Austerity measures in Greece leave cancer patients without treatment

Vasiliki Michopoulou

Swiss drugmaker Roche confirmed on Monday October 30th the withdrawal from the «positive list» of drugs reimbursed in Greece of cobimetinib, used to treat melanoma in adults in combination with vemurafenib, after the government imposed a mandatory 25% discount on the reimbursement price of innovative drugs. Greece imposed the 25% rebate on branded drugs as part of its bailout plan with lenders, and applied it to all innovative drugs retroactively from January 2017. The drug will continue to be available, at a cost of about € 5.000 per month of treatment.

Health Minister Andreas Xanthos described Roche’s decision as «unacceptable and blackmailing». He stressed that «Roche’s provocative tactics must be addressed with determination by all the political and social forces of the country and by all European institutions» and announced that the Ministry of Health and the authorities will pledge to take steps against this blackmail.

The austerity measure voted last September triggered a strong reaction from the Hellenic Association of Pharmaceutical Companies (SFEE), which calculated that it would cut the price of innovative formulations by 40% to 50% (ìn case of clawback): such a price would be unsustainable for the company, under the existing institutional framework of compensation through the positive list. The Association also pointed out that the initial price of new treatments in Greece is defined as the average of the three lowest equivalent prices in Europe, so that the cost of new treatments is already very low, and warned that this measure will lead to more withdrawals of innovative pharmaceutical products from the Greek market.

According to Roche, the 25% discount creates barriers to patient’s access to innovative treatments and makes the arrival of new, innovative medicines in the Greek market difficult or prohibitive. It also raises competition issues, because competing products already on the market are not subject to the mandatory 25% discount, although they are proven to be less effective: «We need to protect our company from the extremely unfavorable environment created by the rebate-based pricing policy for pharmaceutical companies in Greece» said the drug company.

It’s not the first time the Greek Health system has to face problems with drug companies, and Roche isn’t the first pharmaceutical company to stop supplying the Greek market.

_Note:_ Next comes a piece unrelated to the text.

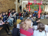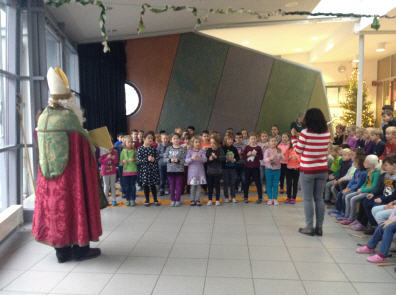 Wenn so viele nette Kinderstimmen begleitet von Flötenkindern aus den Klassen 2 ‚sein‘ Lied singen, dann lässt es sich der Nikolaus nicht nehmen, sogar am 7. Dezember sich noch einmal auf den Weg zu machen und, begleitet von seinen zwei Eseln, die Kinder zu besuchen. Aber bevor die Schülerinnen und Schüler ihre Geschenke erhielten, erfreuten sie den Nikolaus noch mit netten Gedichten.

In 2010 Novo Nordisk decided to stop shipping some brands of insulin after the Government’s decision to cutoff the prices by more than a quarter. After a few weeks the parties found an agreement on less onerous price reductions, and Novo Nordisk resumed providing low-cost generic insulin. In 2013 Greece faced a serious scarcity of medicines: the pharmaceutical companies (about 50 according to a list drawn up by the authorities including some of the world’s leading pharmaceutical companies, such as Pfizer, Roche, Sanofi, GlaxoSmithKline and AstraZeneca) were accused of cutting supplies because of low profits and unpaid bills. The companies also expressed their concern about the risk that drugs could be exported by middlemen because prices are higher in other European countries.

On November 1st 2017 Roche informed the media and the Greek associations of cancer patients that it will continue providing Cotellic free of charge to all patients who were receiving the drug at the time of its delisting in Greece (in October) and until the treatment is completed, but will not provide it to new patients. The patients’ associations say that finding a solution for about 50 patients will not solve the problem, and fear that Roche’s move might be followed by other drug companies.

The Hellenic Federation of Cancer asked the Minister of health to act responsibly. “Patients are not just numbers and human life has not price» say the patients who are standing in the middle of this clash struggling for their medicines and their lives.